L’Anm invece ha parlato tramite un comunicato: «Ha vinto la Costituzione». Queste le prime parole della nota della Giunta per cui «oggi è un bel giorno per il nostro Paese. Non per la magistratura, ma per tutti i cittadini». A parlare anche il procuratore capo di Napoli, Nicola Gratteri, frontman non ufficiale della magistratura in questa campagna referendaria: «La vittoria del No al referendum rappresenta un segnale forte e chiaro: la società civile è viva, attenta e pronta a mobilitarsi quando sono in gioco principi fondamentali».

Intanto, qualche minuto prima delle 15, Il Dubbio ha dato per primo la notizia delle dimissioni del presidente dell’Anm Cesare Parodi. Lo ha comunicato al Cdc dell’Anm prima delle proiezioni sul referendum per slegare la decisione dall’esito del voto.
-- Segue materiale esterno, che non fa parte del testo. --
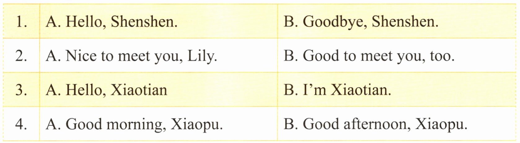 Ⅳ. Listen and circle(请听同学们的如下介绍,圈出 Lily 的应答句)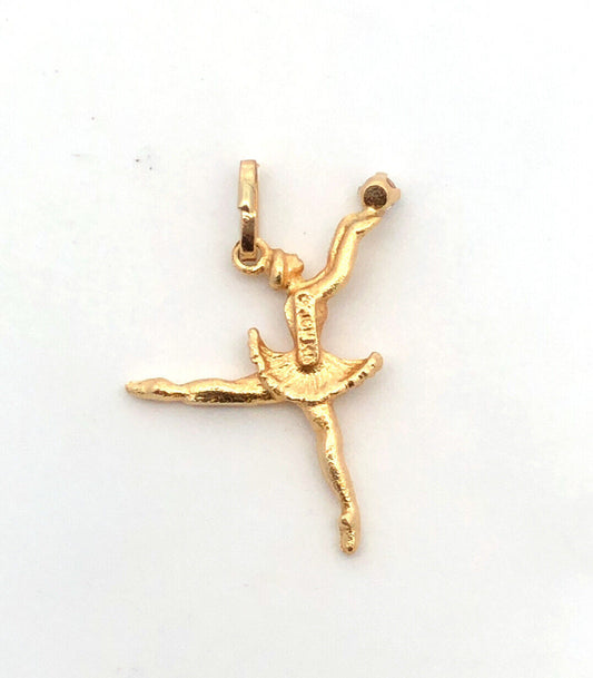 Designer JCM 14K Yellow Gold Cubic Zirconia Dancing Ballerina Pendant

Dietro ci sarebbero gravi motivi personali che gli impedirebbero di continuare a ricoprire serenamente il suo ruolo. A questo punto sabato prossimo, alla riunione già programmata del Cdc, si potrebbe, se il punto verrà inserito nell’ordine del giorno, già eleggere il nuovo presidente che guiderà l’Anm post referendum, dopo la formalizzazione ufficiale delle dimissioni del procuratore di Alessandria.

E gli scenari sono imprevedibili. Sicuramente l’Anm tutta, senza distinzione tra correnti, può rivendicare la vittoria. Ma chi guiderà ora il “sindacato” delle toghe? Se la presidenza continuerà ad essere di Magistratura Indipendente, potrebbe delinearsi, secondo i primi spifferi, un duello tutto interno tra Giuseppe Tango e Gerardo Giuliano. Per ora i due non commentano gli spifferi che arrivano fuori da Mi.

Ma la vera domanda è: cosa farà da oggi in poi l’Anm? Abbiamo raccolto il parere tra qualche toga, pure del Cdc. «Sicuramente non potremo far finta di nulla. Abbiamo bisogno di farci tutti, con serenità, un bagno di umiltà. E guardarci dentro», ci dice una magistrata. In particolare «depotenziare l’arrivismo legato alle carriere e pensare davvero a come migliorare il servizio giustizia», prosegue un suo collega. Questo spirito appartiene a tutti i gruppi che già nei giorni scorsi, come riportato su questo giornale, si erano resi conto che questi mesi di battaglia hanno fatto emergere diverse disfunzioni all’interno della magistratura e anche del processo che non possono essere ignorate.

Abbiamo chiesto un commento anche ad Andrea Reale, membro del Cdc per i CentoUno, che aveva annunciato il suo Sì alla riforma, ma stando lontano dai riflettori a differenza di altri magistrati a favore pure della riscrittura dell’ordinamento giudiziario: «Il referendum confermativo è stato un importante esercizio di democrazia diretta. Il suo risultato dimostra che le riforme costituzionali vanno affrontate e scritte in Parlamento. Restano forti criticità nel funzionamento del governo autonomo della magistratura. La speranza è che la evidente spaccatura del popolo italiano sul tema possa convogliare le forze politiche verso un programma riformista il più possibile condiviso».